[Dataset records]
Segment Open

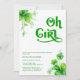 Celebrate a special St. Patrick’s Day baby shower with this charming watercolor invitation. Featuring the stylish text "Oh GIRL" in elegant green tones and delicate Irish clover leaves accenting two corners, this design blends modern minimalism with festive charm. Perfect for honouring the mum-to-be in a unique and eye-catching way.
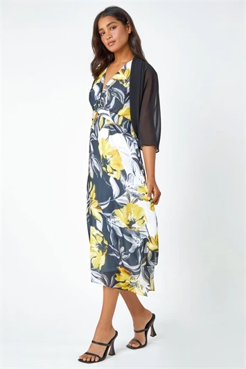 Take your smart casual wardrobe to the next level with this v-neck vest top. Detailed with a crossover at the front to create a flattering silhouette, this woven top is a striking and feminine piece to elevate your professional attire. This style is crafted with a stretch jersey waistband and a contrasting jersey back for a comfortable all day fit. It comes with a metallic ring detail necklace to easily accessorise your look. Pair with smart trousers and your favourite heels for a desk to dinner ensemble!
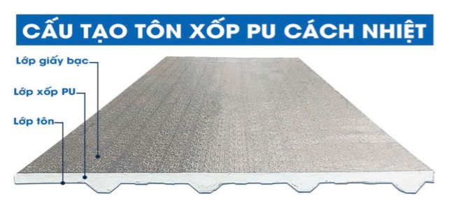 Tôn lợp mái cách nhiệt PU gồm các thành phần chính sau: 2 mặt ngoài là tôn hoặc inox, giấy bạc
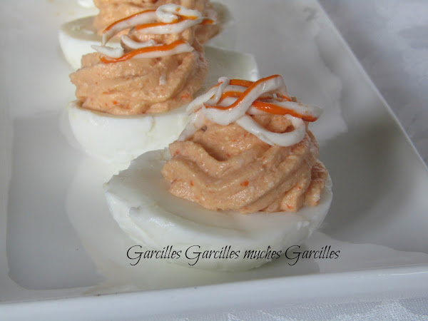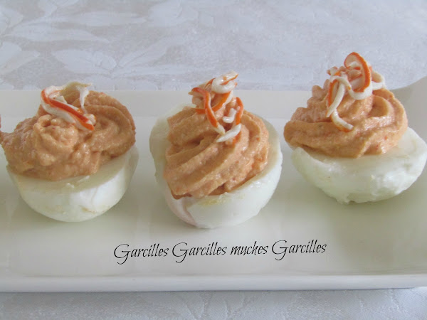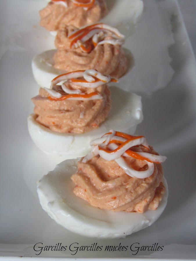 La bolsas del surimi rallado, son de 185gr asi que con lo que sobra, se adornan los güevos perfectamente
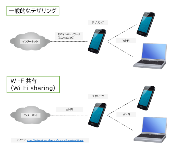 同じことはBluetoothテザリングでもできますが、子機側でBluetoothによるインターネット接続が可能である必要がある、通信速度が極端に遅い、接続台数が1台に限られる、といった制約があります。

Segment Closed

* **HOW TO COMPLETE THIS TASK**:
Print all records word for word, no images.

* **WORKED SOLUTION**:
 Celebrate a special St. Patrick’s Day baby shower with this charming watercolor invitation. Featuring the stylish text "Oh GIRL" in elegant green tones and delicate Irish clover leaves accenting two corners, this design blends modern minimalism with festive charm. Perfect for honouring the mum-to-be in a unique and eye-catching way.
 Take your smart casual wardrobe to the next level with this v-neck vest top. Detailed with a crossover at the front to create a flattering silhouette, this woven top is a striking and feminine piece to elevate your professional attire. This style is crafted with a stretch jersey waistband and a contrasting jersey back for a comfortable all day fit. It comes with a metallic ring detail necklace to easily accessorise your look. Pair with smart trousers and your favourite heels for a desk to dinner ensemble!
 Tôn lợp mái cách nhiệt PU gồm các thành phần chính sau: 2 mặt ngoài là tôn hoặc inox, giấy bạc
 La bolsas del surimi rallado, son de 185gr asi que con lo que sobra, se adornan los güevos perfectamente
 同じことはBluetoothテザリングでもできますが、子機側でBluetoothによるインターネット接続が可能である必要がある、通信速度が極端に遅い、接続台数が1台に限られる、といった制約があります。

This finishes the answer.